<<<<

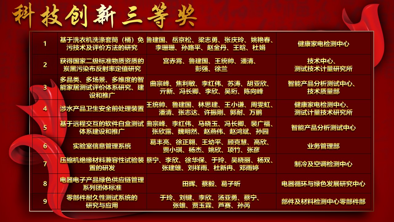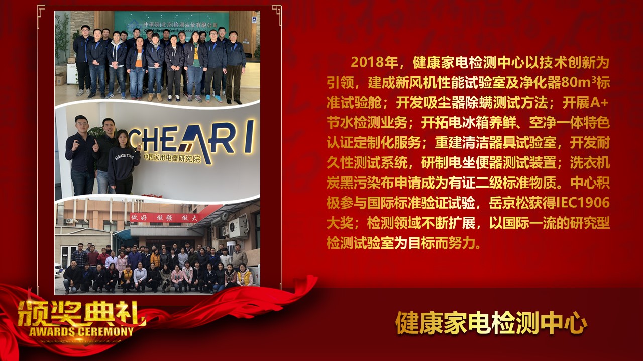 中國家用電器研究院2018年度表彰與獎勵
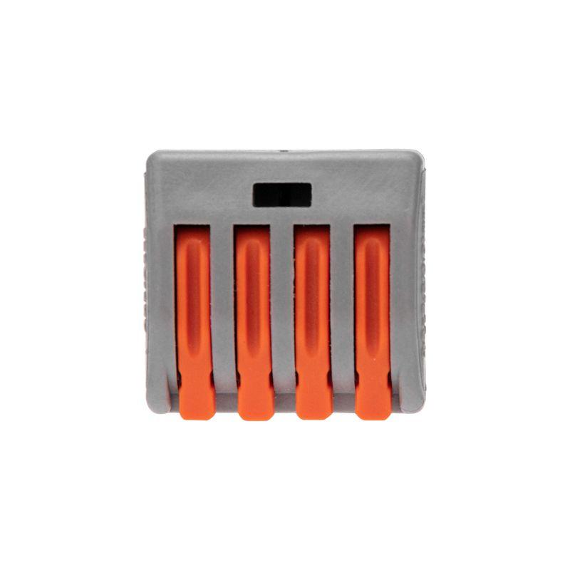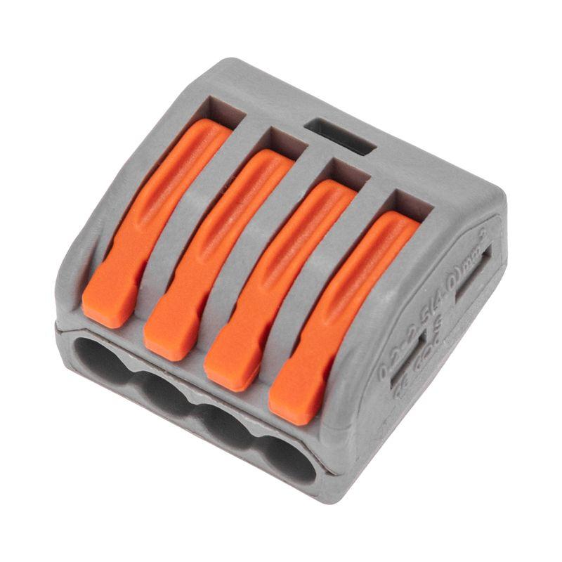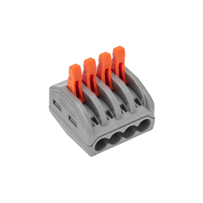 Соединительная многоразовая клемма СМК 22-414 тм REXANT на 4 проводника с плоско-пружинным зажимом предназначена для подсоединения медных одножильных и многожильных зачищенных проводников тонкого сечения.
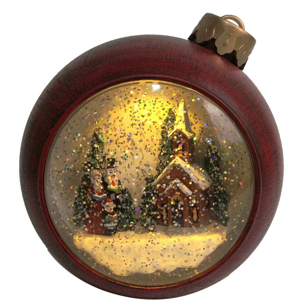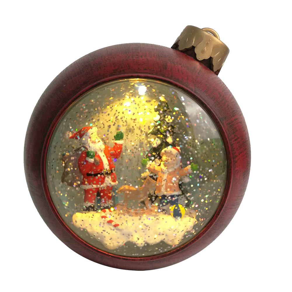 Seasonal Led light up Xmas Santa and kid scene ball shaped Christmas Swirling glitter snow globe for indoor ornament |
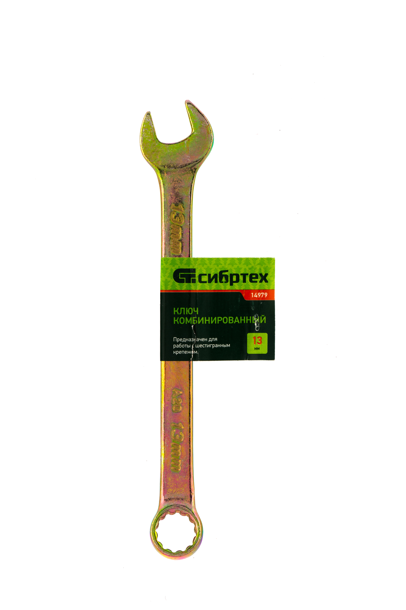 **Ключ комбинированный Сибртех** предназначен для слесарных и монтажных работ с резьбовыми соединениями. В конструкции предусмотрены рожковый и кольцевой зев, что делает ее универсальной в применении. Двенадцатигранник накидного типа надежно удерживает метиз, снижая риск его деформации. Ключ подходит для решения профессиональных и бытовых задач.
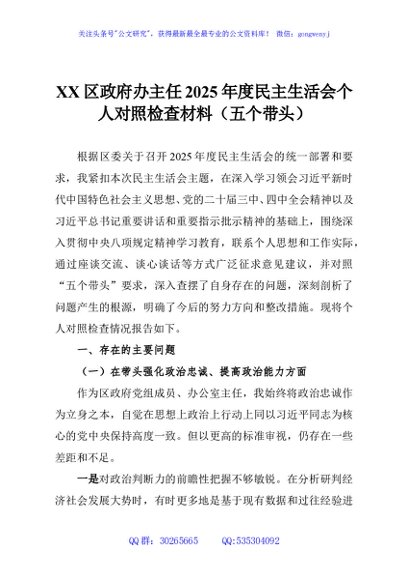 / XX区政府办主任2025年度民主生活会个人对照检查材料(五个带头)
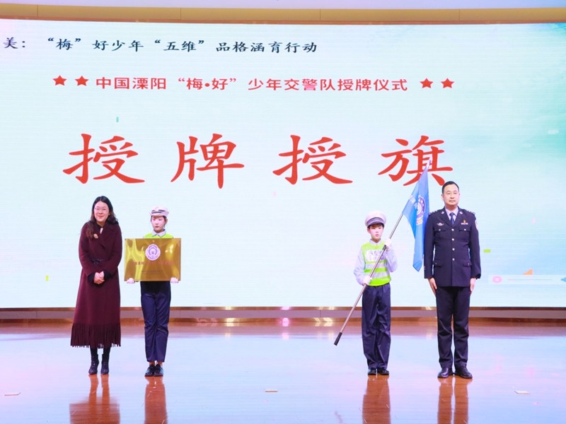 冬日暖阳映照梅枝,少年执礼开启新程。1月8日,溧阳市梅园小学报告厅内掌声阵阵,中国溧阳“梅・好”少年交警队授牌仪式在此隆重举行,这是溧阳市首支由小学生组成的少年交警队。溧阳市公安局副局长李晓敏、市教育局副局长崔恩,市公安局交通管理大队大队长史建刚、市教育局德育科科长史兰萍,江苏理工学院体育学院副院长张文贤,外国语小学教育集团陆丽萍总校长以及市交警代表、梅园小学学区社区代表、学校师生及家长代表齐聚一堂,共同见证这支少年队伍肩负交通安全使命正式启航。
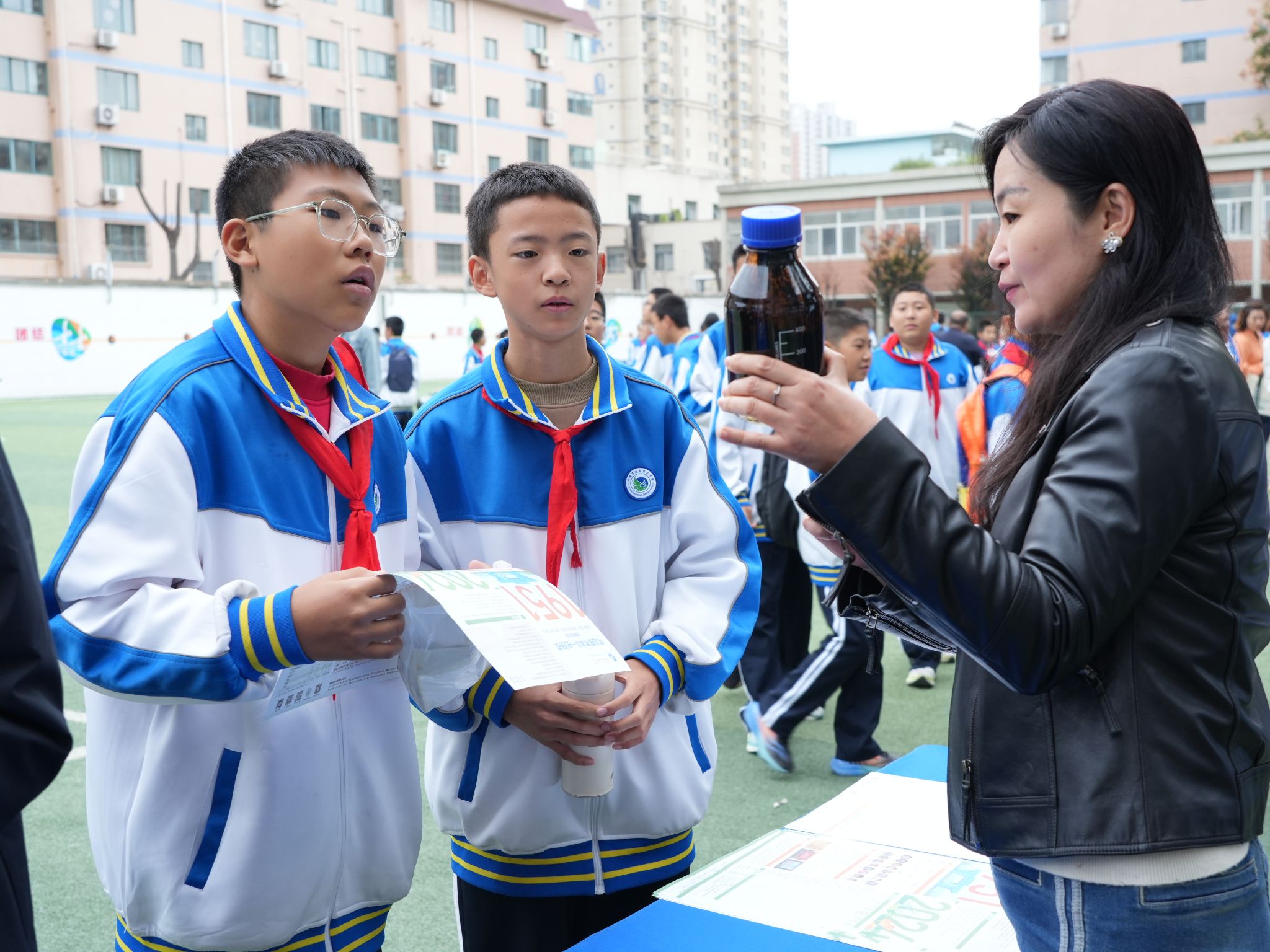 活动现场,老师正在向同学们讲解原油样品
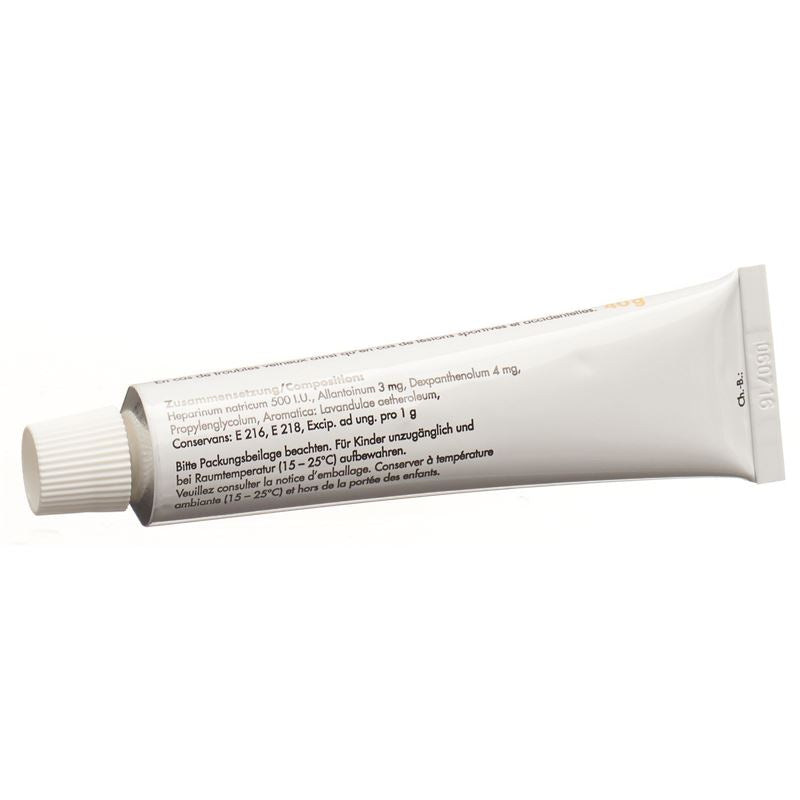•Das im Präparat enthaltene Heparin wirkt gerinnungshemmend, entzündungshemmend, schmerzlindernd und abschwellend. Zudem verbessert Heparin bei äusserlicher Anwendung die Durchblutung.
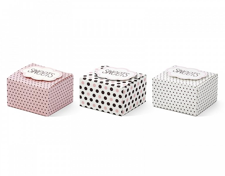 6-pakning gaveesker med søtsaker-tema. Eskene kommer i 3x2 assorterte farger og måler omtrent 6x5x4 cm.

>>>>

Instructions to follow: All that the answer may contain is the exact text of the lines from the one with "活动现场,老师正在向同学们讲解原油样品" through the last line of the material, pictures excluded.

Result of the exercise:
 活动现场,老师正在向同学们讲解原油样品
•Das im Präparat enthaltene Heparin wirkt gerinnungshemmend, entzündungshemmend, schmerzlindernd und abschwellend. Zudem verbessert Heparin bei äusserlicher Anwendung die Durchblutung.
 6-pakning gaveesker med søtsaker-tema. Eskene kommer i 3x2 assorterte farger og måler omtrent 6x5x4 cm.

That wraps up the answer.